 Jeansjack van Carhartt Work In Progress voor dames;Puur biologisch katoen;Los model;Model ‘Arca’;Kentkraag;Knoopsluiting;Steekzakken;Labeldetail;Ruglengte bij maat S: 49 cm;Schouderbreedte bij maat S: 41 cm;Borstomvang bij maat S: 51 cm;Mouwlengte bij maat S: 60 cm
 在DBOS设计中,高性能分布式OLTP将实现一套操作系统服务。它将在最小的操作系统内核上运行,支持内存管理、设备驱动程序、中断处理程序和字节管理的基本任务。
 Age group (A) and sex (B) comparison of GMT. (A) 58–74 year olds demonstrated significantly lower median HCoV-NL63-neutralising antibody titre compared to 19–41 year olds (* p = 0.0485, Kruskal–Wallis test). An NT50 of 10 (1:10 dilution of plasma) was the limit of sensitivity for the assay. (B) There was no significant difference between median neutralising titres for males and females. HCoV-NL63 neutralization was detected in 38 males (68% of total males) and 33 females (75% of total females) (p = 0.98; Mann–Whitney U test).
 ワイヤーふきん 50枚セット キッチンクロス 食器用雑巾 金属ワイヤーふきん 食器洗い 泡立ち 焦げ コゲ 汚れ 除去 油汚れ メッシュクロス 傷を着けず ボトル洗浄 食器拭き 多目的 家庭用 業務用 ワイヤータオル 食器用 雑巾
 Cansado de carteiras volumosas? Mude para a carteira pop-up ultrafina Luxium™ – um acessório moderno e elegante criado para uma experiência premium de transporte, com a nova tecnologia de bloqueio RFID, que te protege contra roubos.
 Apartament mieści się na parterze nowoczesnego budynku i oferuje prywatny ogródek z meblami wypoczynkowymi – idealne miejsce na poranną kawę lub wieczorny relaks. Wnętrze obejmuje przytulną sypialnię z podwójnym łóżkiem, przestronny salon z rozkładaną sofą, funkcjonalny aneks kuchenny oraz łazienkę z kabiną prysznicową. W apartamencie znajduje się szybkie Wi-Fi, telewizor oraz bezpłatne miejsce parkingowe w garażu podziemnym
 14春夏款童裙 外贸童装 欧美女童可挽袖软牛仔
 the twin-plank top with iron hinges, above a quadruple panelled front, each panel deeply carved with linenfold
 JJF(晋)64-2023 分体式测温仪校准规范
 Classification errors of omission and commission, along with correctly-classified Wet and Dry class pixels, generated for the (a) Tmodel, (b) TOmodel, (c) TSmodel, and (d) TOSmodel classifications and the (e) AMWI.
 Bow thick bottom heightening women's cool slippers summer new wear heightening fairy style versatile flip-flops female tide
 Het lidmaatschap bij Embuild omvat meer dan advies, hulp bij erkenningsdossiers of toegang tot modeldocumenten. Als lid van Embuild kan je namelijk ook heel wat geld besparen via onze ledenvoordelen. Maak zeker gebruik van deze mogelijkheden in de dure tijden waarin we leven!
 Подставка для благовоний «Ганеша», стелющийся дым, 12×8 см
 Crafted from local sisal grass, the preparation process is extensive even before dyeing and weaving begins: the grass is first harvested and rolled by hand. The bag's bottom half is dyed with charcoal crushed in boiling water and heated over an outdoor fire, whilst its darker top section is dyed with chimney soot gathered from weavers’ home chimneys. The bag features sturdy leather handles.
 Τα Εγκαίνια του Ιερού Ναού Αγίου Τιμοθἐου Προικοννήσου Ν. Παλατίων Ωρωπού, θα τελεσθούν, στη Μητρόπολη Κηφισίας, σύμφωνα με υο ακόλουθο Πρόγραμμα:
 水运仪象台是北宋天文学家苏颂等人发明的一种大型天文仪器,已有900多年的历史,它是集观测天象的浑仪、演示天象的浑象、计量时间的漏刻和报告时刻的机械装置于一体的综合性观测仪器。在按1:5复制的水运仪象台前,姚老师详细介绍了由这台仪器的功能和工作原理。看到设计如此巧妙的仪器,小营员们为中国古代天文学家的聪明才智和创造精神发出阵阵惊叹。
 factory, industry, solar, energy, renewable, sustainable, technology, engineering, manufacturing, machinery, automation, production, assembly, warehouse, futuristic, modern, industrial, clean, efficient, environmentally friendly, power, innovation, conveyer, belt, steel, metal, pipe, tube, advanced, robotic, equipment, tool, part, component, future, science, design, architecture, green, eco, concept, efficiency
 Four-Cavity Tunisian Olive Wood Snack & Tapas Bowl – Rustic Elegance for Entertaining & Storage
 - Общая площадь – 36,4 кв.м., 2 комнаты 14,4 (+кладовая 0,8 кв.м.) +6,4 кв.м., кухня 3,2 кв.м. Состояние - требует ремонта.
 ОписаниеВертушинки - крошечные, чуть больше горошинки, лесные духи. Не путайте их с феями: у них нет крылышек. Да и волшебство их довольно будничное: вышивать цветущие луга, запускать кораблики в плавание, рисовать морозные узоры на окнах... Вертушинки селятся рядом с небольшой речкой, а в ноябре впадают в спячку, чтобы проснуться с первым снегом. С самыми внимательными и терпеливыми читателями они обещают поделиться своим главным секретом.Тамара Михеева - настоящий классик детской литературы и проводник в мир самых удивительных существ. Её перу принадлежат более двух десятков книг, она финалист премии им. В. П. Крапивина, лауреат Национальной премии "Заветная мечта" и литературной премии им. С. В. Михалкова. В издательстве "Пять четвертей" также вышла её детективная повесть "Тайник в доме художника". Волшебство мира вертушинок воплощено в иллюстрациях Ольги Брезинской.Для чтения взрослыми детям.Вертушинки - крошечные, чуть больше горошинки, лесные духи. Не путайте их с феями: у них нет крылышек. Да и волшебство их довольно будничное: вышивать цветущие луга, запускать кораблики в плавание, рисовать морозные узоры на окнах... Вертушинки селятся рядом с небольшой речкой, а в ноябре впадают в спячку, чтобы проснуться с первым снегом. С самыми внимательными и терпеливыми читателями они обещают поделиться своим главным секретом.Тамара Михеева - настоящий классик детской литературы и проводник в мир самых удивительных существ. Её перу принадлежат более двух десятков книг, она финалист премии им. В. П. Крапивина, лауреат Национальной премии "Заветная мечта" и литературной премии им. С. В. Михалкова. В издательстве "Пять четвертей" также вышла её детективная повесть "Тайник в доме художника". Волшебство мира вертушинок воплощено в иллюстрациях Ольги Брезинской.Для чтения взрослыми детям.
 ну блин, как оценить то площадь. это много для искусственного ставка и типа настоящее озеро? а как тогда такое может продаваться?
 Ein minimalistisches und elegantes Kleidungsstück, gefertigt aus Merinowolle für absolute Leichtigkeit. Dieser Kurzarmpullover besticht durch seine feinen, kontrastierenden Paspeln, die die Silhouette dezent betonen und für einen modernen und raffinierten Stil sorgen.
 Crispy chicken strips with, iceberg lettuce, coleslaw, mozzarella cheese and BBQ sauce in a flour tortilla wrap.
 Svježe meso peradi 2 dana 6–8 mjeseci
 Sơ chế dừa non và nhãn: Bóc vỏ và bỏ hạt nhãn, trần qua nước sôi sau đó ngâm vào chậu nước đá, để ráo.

○ ○ ○ ○ ○ ○ ○

Required work:
Only the lines above from the line containing "eco, concept, efficiency" through the line containing "- Общая площад" should be retyped, exactly and with both ends included.

Written solution:
 factory, industry, solar, energy, renewable, sustainable, technology, engineering, manufacturing, machinery, automation, production, assembly, warehouse, futuristic, modern, industrial, clean, efficient, environmentally friendly, power, innovation, conveyer, belt, steel, metal, pipe, tube, advanced, robotic, equipment, tool, part, component, future, science, design, architecture, green, eco, concept, efficiency
 Four-Cavity Tunisian Olive Wood Snack & Tapas Bowl – Rustic Elegance for Entertaining & Storage
 - Общая площадь – 36,4 кв.м., 2 комнаты 14,4 (+кладовая 0,8 кв.м.) +6,4 кв.м., кухня 3,2 кв.м. Состояние - требует ремонта.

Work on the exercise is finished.